The corporate telecommunications staff admittedly had no control over
ordering or billing verification for nearly 6,800 individual invoices
and $6,500,000 in monthly expense. Consequently, it was difficult
for the organization to manage its inventory in the field or maintain
proper fiscal control of those locally based facilities. The field
site management staff responsible for reviewing telecommunications
billing often did not have adequate expertise to do so. However, given
the corporate culture, many of these individuals did not wish to change
the current invoice process. They perceived that they would lose control
over telecommunications billing by not approving their monthly invoices.
In addition, the finance group had been unable to quantify what it
recognized as a staggering past due balance, created in large part
by this decentralized invoice approval process.
ISG’s IPV involvement was the answer to many of the client’s
problems. First, ISG was able to create a database of all telecommunications
accounts that could be shared with field facilities. Thus, ISG was
able to provide information that could be updated and maintained.

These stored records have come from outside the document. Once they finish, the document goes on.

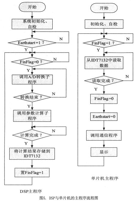FinFlag為計算完成標(biāo)志。外部輸入的電壓、電流信號經(jīng)過輸入轉(zhuǎn)換電路變?yōu)榈蛪盒⌒盘枺?jīng)過平移電路和信號調(diào)理,成為可以直接被A/D轉(zhuǎn)換的采樣信號,輸入A/D轉(zhuǎn)換器。DSP芯片從A/D的寄存器中讀取數(shù)據(jù)。當(dāng)所有的轉(zhuǎn)換都結(jié)束時,DSP啟動數(shù)據(jù)處理程序,即應(yīng)用小波分析對數(shù)據(jù)進(jìn)行分析和計算。計算完成后,將計算結(jié)果存儲在雙口RAM中,并把FinFlag標(biāo)志置1。當(dāng)單片機(jī)查詢到此標(biāo)志為真時,啟動數(shù)據(jù)讀取程序,從雙口RAM中讀取DSP已經(jīng)運(yùn)算完成的數(shù)據(jù)。當(dāng)讀取完成時,F(xiàn)inFlag和Earthstart標(biāo)志都置為0,然后完成顯示任務(wù)和串行通信任務(wù)。系統(tǒng)等待下一次接地故障的發(fā)生。
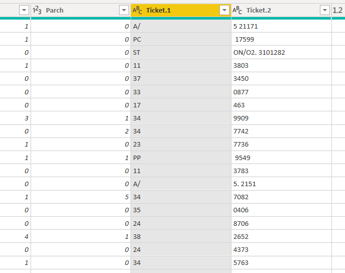 Once you split the columns, you should see two new columns, Ticket.1 and Ticket.2, as shown below:
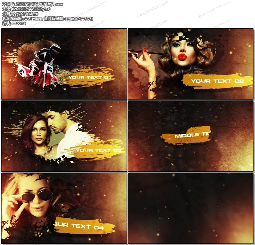 关键词:杂渍,污渍,电视,包装,片头,视频,相册,展示,AE,模板,标题
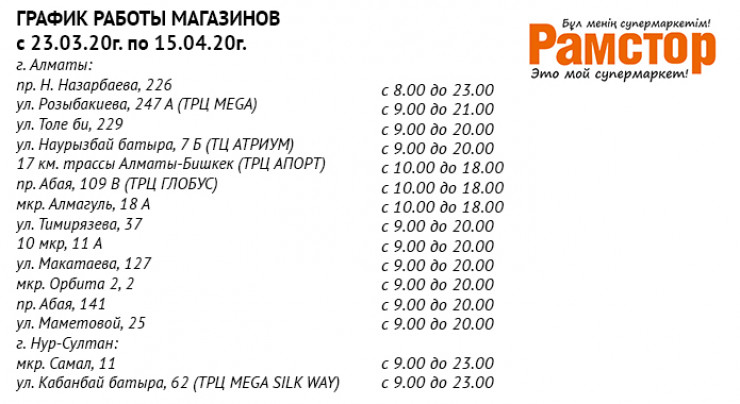 С более подробной информацией о работе сети супермаркетов "Рамстор", а также об актуальных ценах, акциях и скидках, вы можете узнать на сайте www.ramstore.kz и в Instagram-аккаунте.
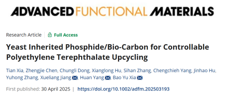 本网讯(通讯员 杨欢)近日,MK SPORTS江学良教授、杨欢教授团队联合华中科技大学、深圳先进技术研究院等多家单位,基于理论计算结果的指导并结合微生物模板策略设计了一种双金属磷化物@生物碳预催化剂,实现了聚对苯二甲酸乙二醇酯(PET)的高效电化学升级回收,相关研究成果以“Yeast Inherited Phosphide/Bio-Carbon for Controllable Polyethylene Terephthalate Upcycling”为题发表在在国际顶级期刊《Advanced Functional Materials》(IF:18.5,一区Top)。公司等离子体化学与新材料湖北省重点实验室为该论文第一单位,2022级硕士研究生夏天为第一作者,公司江学良教授、杨欢教授和华中科技大学夏宝玉教授为通讯作者。

Next, ISG redirected and consolidated billing, reducing the invoice
count to less than 4,000 per month. The client’s accounts payable
group was able to determine file formats to be used for payment information
transmittal, allowing ISG to automate the invoice remittance process
and track vendor payments. Consequently, both the client and ISG could
view invoice history via ISG’s IPV database. As part of the
database set up, ISG itemized past due balances and quantified the
amount at almost $3,000,000. Using this information to research and
reconcile these past due balances, ISG was able to reduce the number
to $500,000 and eliminated them entirely by the end of the next fiscal
quarter. Through invoice consolidation and redirection, ISG was able
to shorten the review and process cycle, resulting in cost avoidance
of over $450,000 annually in late payment fees. Finally, through monthly
management, and financial and exception reporting, field site management
staff was better able to understand their telecommunications costs
and the impact on the bottom line.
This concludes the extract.